# Horus Hersey - Collected Visions



## chiefy2shoes (Dec 2, 2011)

Hi, I started reading the series of Horus Hersey novels earlier this year and have just finished Fulgrim. My friend bought me the Collected Visions hardcover book as a present but I haven't yet opened it. The problem is that I don't know the full Heresy story, only what I've read so far in the first five novels. If I start looking through the Collected Visions book will it give away a lot of the upcoming story for me? 

Any help appreciated


----------



## Durant (Aug 24, 2011)

If you want to follow the heresy from start to finish via the novels do not finish reading the collected visions. Look at the artwork instead!

Visions is great book that outlines the whole heresy start to finish but the novels take it deeper and if you are not familiar with the story enjoy the in depth ride and not the abridged notes.


----------



## Baron Spikey (Mar 26, 2008)

chiefy2shoes said:


> Hi, I started reading the series of Horus Hersey novels earlier this year and have just finished Fulgrim. My friend bought me the Collected Visions hardcover book as a present but I haven't yet opened it. The problem is that I don't know the full Heresy story, only what I've read so far in the first five novels. If I start looking through the Collected Visions book will it give away a lot of the upcoming story for me?
> 
> Any help appreciated


Yes.

If you don't know anything about the Heresy other than what you've read in the novels then I'd suggest you don't read Collected Visions.


----------



## Child-of-the-Emperor (Feb 22, 2009)

I would, to the contrary suggest reading it, it would reveal the main outline of the primary events of the Heresy - but the Heresy series is being released with the knowledge that most people know what will happen. I personally think you get more out of the series by knowing what will happen.

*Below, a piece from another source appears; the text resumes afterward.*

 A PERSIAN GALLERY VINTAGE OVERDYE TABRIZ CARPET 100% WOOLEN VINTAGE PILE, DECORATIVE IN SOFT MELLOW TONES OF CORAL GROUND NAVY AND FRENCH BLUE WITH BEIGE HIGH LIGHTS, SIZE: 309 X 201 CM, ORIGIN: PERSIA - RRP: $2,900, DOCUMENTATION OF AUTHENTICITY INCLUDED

For example, the opening line of _Horus Rising_:

_'I was there,' he would say afterwards, until afterwards became a time quite devoid of laughter. 'I was there, the day Horus slew the Emperor.'_

Whilst actually referring to the pretender-Emperor of _Sixty-Three-Nineteen_, the series' opening line dabbles immediately in treasonous connotations. Just as the ending of _Horus Rising_ mentions _Davin_; a place which has significant implications if you know what happens, otherwise the meaning is lost on you (until reading _False Gods_). The same applies to the end of _False Gods_ where it mentions _Isstvan_.


----------



## Angel of Blood (Aug 18, 2010)

Indeed, like CotE says, alot of the closing comments or even end of chapter comments only have any significance if you know the events of the heresy already. Such as when Nikea, Istvaan, Davin, the Eisenstien and Garro, Erebus, alot of Luthers actions etc etc.

All if which fall flat or don't give you the intended impact if you are unaware of the events prior to reading. 

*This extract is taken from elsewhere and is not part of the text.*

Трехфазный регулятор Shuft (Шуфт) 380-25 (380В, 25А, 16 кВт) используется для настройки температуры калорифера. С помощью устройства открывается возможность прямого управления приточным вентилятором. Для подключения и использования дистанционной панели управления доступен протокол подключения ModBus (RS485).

Having said that, I always wondered what it would be like to read the series nit knowing what happened and therefore be more shocked/suprised when major events happen. Your choice really.


----------



## chiefy2shoes (Dec 2, 2011)

Thanks for the suggestions. Hhhmm. I think I'll read the next novel, Decscent of Angels and then probably dip into the collected visions. Although having everything as a surprise is a big incentive not to look! Also, I wonder how many books I will have to read before the Collected Visions becomes a non-spoiler?


----------



## Angel of Blood (Aug 18, 2010)

I reckon when _Fear to Tread_ comes out will be about the time you can safely read Collected Visions without spoiling anything. Although you would have to miss the last section which details the Siege of Terra.


----------



## Doelago (Nov 29, 2009)

Child-of-the-Emperor said:


> I would, to the contrary suggest reading it, it would reveal the main outline of the primary events of the Heresy - but the Heresy series is being released with the knowledge that most people know what will happen. I personally think you get more out of the series by knowing what will happen.
> 
> For example, the opening line of _Horus Rising_:
> 
> ...


I agree with the above. :goodpost:


----------



## TheReverend (Dec 2, 2007)

Although suggesting he doesn't read it until he's read Fear to Tread and know's about the Siege of Terra probably gave the whole plot away considering he's only on Descent of Angels... :laugh:

*chiefy2shoes*: just open the collected visions, the artwork is amazing and images of the characters in the HH series are dotted all over the place so will help build the mental image. As others have said, the HH series goes into the story much deeper so knowing the end won't ruin the stories as things are covered in the novels far more deeply . Plus there's a story in the Collected Visions by Graham McNiel which fits within the timeline of the novels.


----------